Please summarize the book for the readers here:

Jorja Jenks was elated to find out that she had inherited half ownership of The Honky Tonk in the tiny town of Mingus, Texas. Of course she’d have to share an efficiency apartment with the co-owner, Cameron, a woman she’d never met, but that wasn’t any big deal. She’d had roommates before and besides her best friend was named Cameron.
Cameron Walsh was as happy as a cowboy could be when he learned of his inheritance. His friend JJ had grown up together, so he pictured his new partner as a fun loving guy like his favorite cousin had been.
Imagine their surprise when they were both wrong, and suddenly they were having to share a tiny apartment at the back of the bar and work together in one of the worst snowstorms that part of Texas had ever seen.
 

Please share your favorite line(s) or quote from this book:

*Jorja Jenks had never been one to take risks. She wasn’t the type of woman to quit her fantastic job in Nashville, Tennessee, on a whim to move to Mingus, Texas (population two hundred), but she did.
*Cameron Walsh was a big risk taker. He didn’t care what other people thought about his decisions.
*He (Cameron) groaned when he realized he was looking at a shower curtain that had a Christmas tree printed on it. He turned around bewildered. Cowboys didn’t decorate and they damn sure didn’t use doilies under cute little lamps, like the one sitting on the chest-of-drawers on JJ’s side of the room.
*He raised both hands and said, “I didn’t know JJ was bringing a girlfriend, but that explains all the foo-foo crap.”
“Are you drunk or crazy?” the woman asked, “No one calls me JJ except my grandparents, and I damn sure don’t have a girlfriend.”
“You are JJ?” Cameron felt as if his eyeballs were going to flip out of their sockets and roll around on the floor like marbles at the toes of his cowboy boots.
“I am Jorja Jenks.” She said, and her grip on that gun was firm and her hand was steady.
*“I’m Cameron Walsh,” he said. “You can put the gun away. Looks like we’re going to be roommates and co-owners of the Honky Tonk.”
“That’s not possible. Cameron is a girl.” She stammered.
“And JJ was my favorite cousin, and believe me, he was all cowboy,” Cameron chuckled.

 

Please share a few Fun facts about this book…
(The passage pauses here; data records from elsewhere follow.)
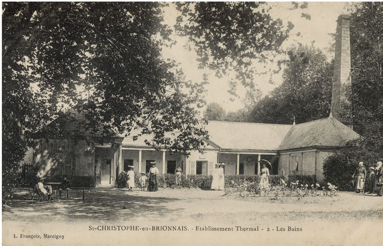
Vue des bains au début du 20e siècle.

71, Saint-Christophe-en-Brionnais route départementale n°174, lieudit : Les Bains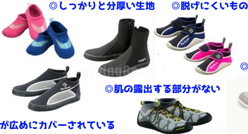
◎つま先や側面が広めにカバーされている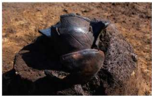
1 H-6第171图8·第185图177出土状况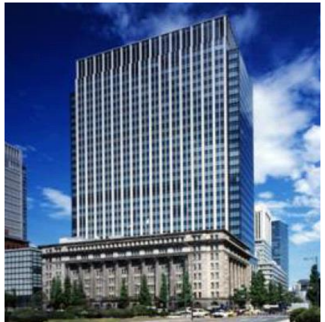
＜明治生命館(手前)と明治安田生命ビル＞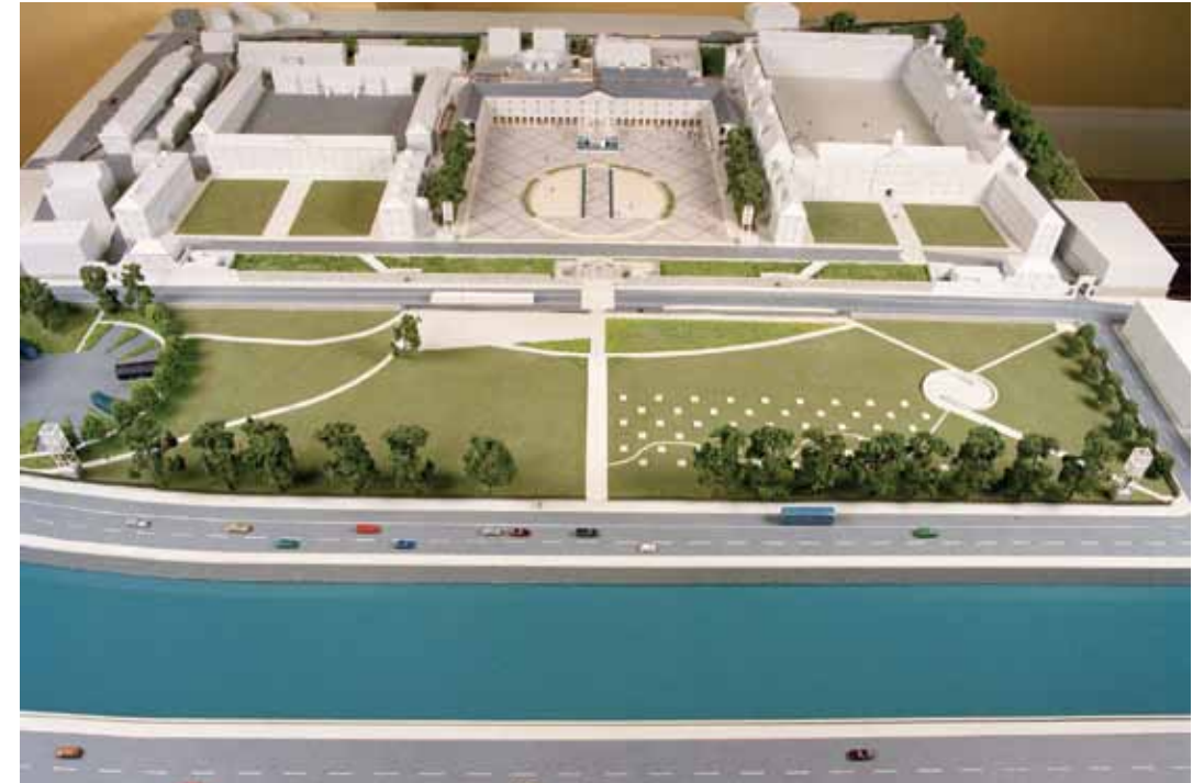
Maqueta arquitectónica correspondiente a la siguiente fase del plan de desarrollo del complejo, en el cual se incorpora una zona de recepción y otra de exposición en el emplazamiento de las antiguas Royal Square o Grand Square

A lo largo del siglo XVIII, las obligaciones de los soldados oscilaban entre hacer guardia oficial en el Castillo de Dublín y tareas de carácter civil en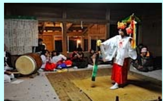
町指定無形民族文化財の「三川内神楽」

同じ北浦町でも海岸地区(古江、市振、宮の浦)の神楽と山間地区(三川内地区)の神楽では特徴が異なっています。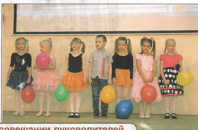
Приветствие детей на совещании руководителей школ и детских садов Мезенского района

Учредитель: МБДОУ «Детский сад «Улыбка».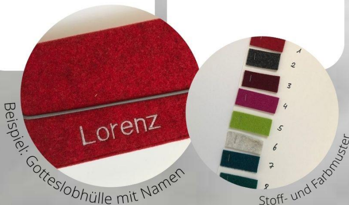
Beispiel: Gotteslobhülle mit Namen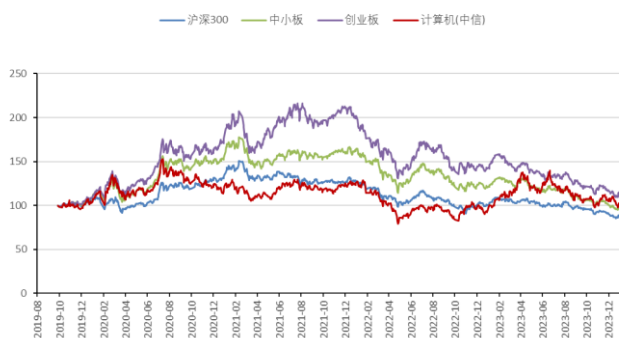
图3：计算机板块指数历史走势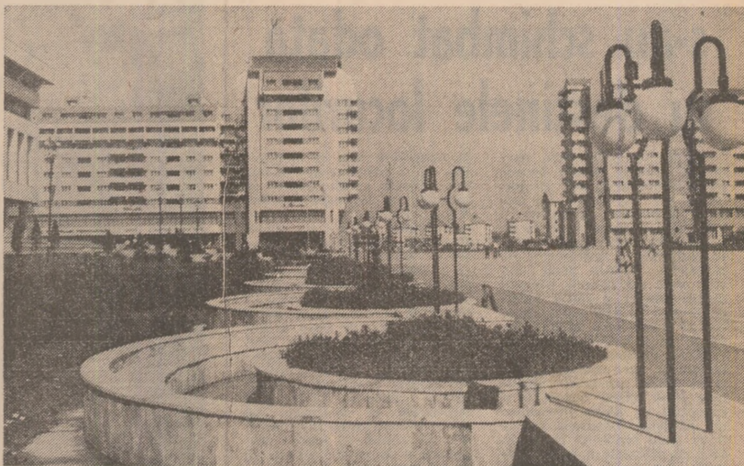
Suplete arhitectonică la Miercurea Ciuc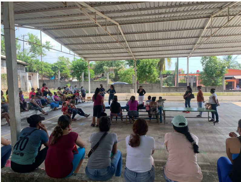
Asamblea entre profesoras y madres de familia en la escuela de El Recreo.

se retiraran de “su comunidad”. Así, la jefa de servicios regionales trató de mediar entre ambos, pero debido al riesgo y la negativa en la comunicación, decidieron concluir la reunión y retirarse. Cuando el “jefe de plaza” observó que estaban a punto de irse, los obligó a subir a sus vehículos e irse de la comunidad, pues básicamente los expulsó. Cuando partieron de El Recreo, una camioneta los escoltó hasta los linderos del pueblo para intimidarlos y asegurarse de su salida rumbo a la ciudad de Lázaro Cárdenas.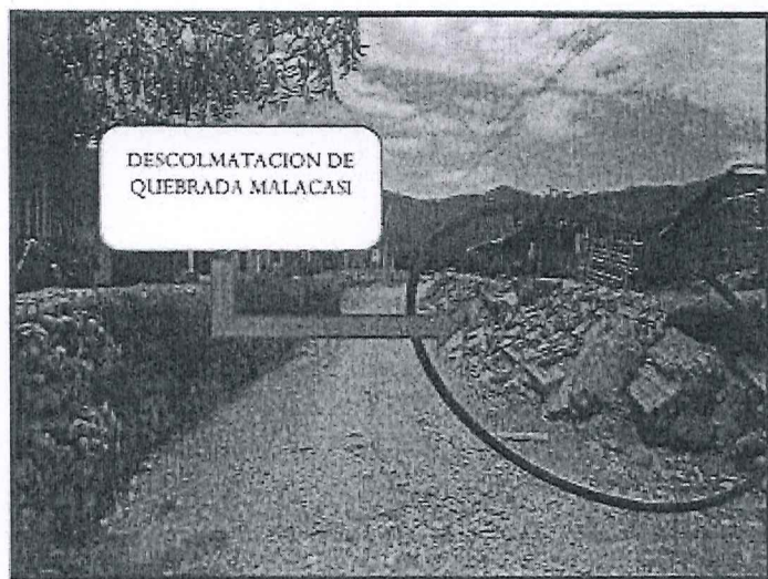
ESTADO SITUACIONAL DE LA "QUEBRADA MALACASI"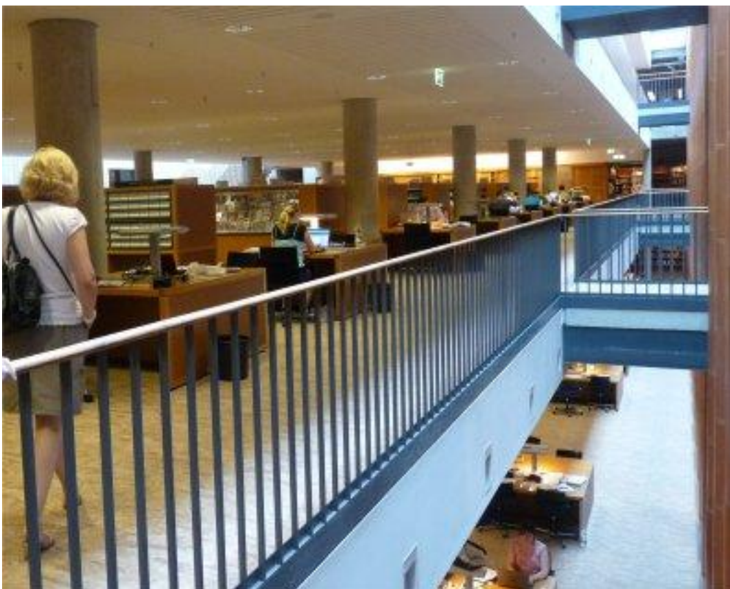
Fot. 6. Wszędzie rozmieszczone są stanowiska do pracy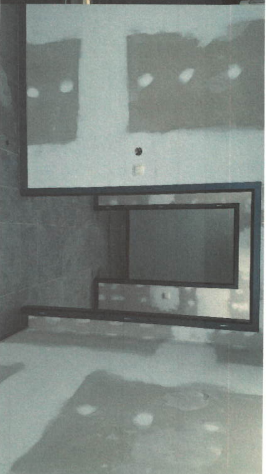
MONTÁŽ INTERIEROVÝCH DVERÍ - INSTALLATION OF INTERIOR DOORS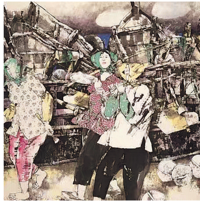
赶海(中国画) 张道兴作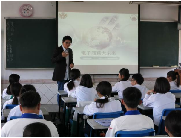
照片說明 講師自我介紹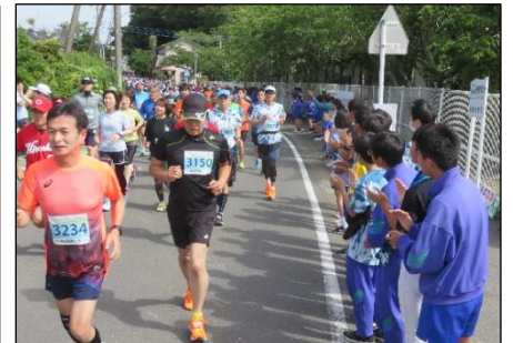
学校に戻り「10kmの部」応援！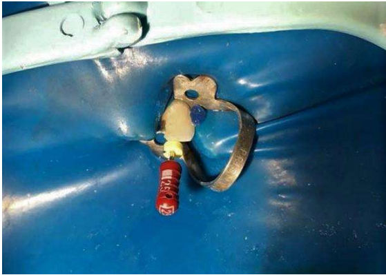
Figura 5 – Odontometria com lima K (Dentsply®, Pirasununga, SP, Brasil) número 25 no dente incisivo lateral superior esquerdo (22).

comprimento provisório de trabalho e radiografia, determinando o comprimento real de trabalho de 20 mm (Figuras 5 e 6).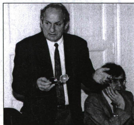
Mészáros Rezső, az SZTE rektora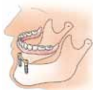
Twee met elkaar verbonden implantaten dienen als verankering voor de overkappingsprothese

Dan kan op implantaten (meestal twee) een overkappingsprothese worden geplaatst. Deze wordt op de implantaten vastgeklemt.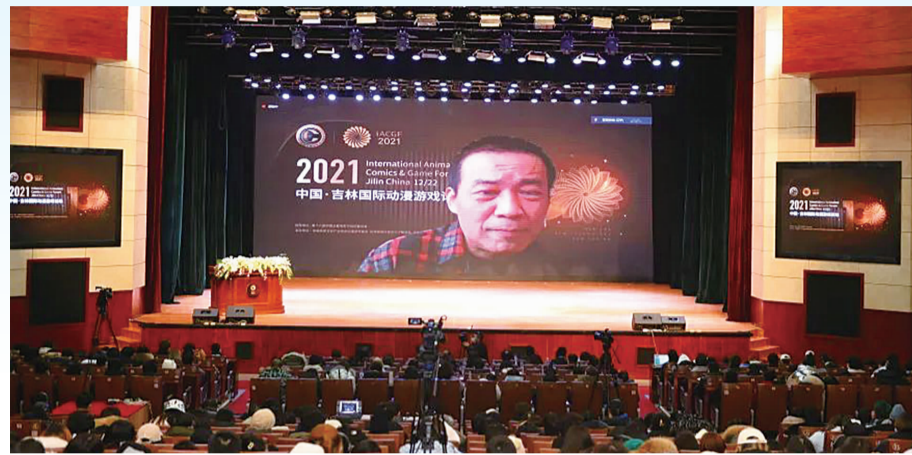
中国电影集团艺术委员会主任、中影集团副总经理江平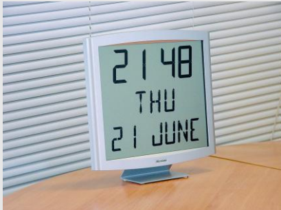
Cristalys Date auf einem Tischträger

  • Cameron and Jorja had no idea that they would be living in a tiny apartment with a member of the opposite sex.
  • I loved the way that everything kept coming up in pairs as if telling them they belonged together–two hound dogs that liked to run away from home and race through the bar, two doves, two squirrels, even two snakes in the office.
  • The old country songs on the juke box seemed to reflect both their moods, and Twinkle Twinkle Lucky Star became the theme song for the book.

 

What first attracts your Hero to the Heroine and vice versa?

Cameron is attracted to Jorja because she is so good at what she sets out to do, from taking care of the books to decorating the bar for Christmas, even to talking to the customers.
Jorja is attracted to Cameron because having worked in a bar for years, he knows the business so well.
They are both attracted to each other because every time they are in close proximity, sparks fly!

 

Did any scene have you blushing, crying or laughing while writing it? And Why?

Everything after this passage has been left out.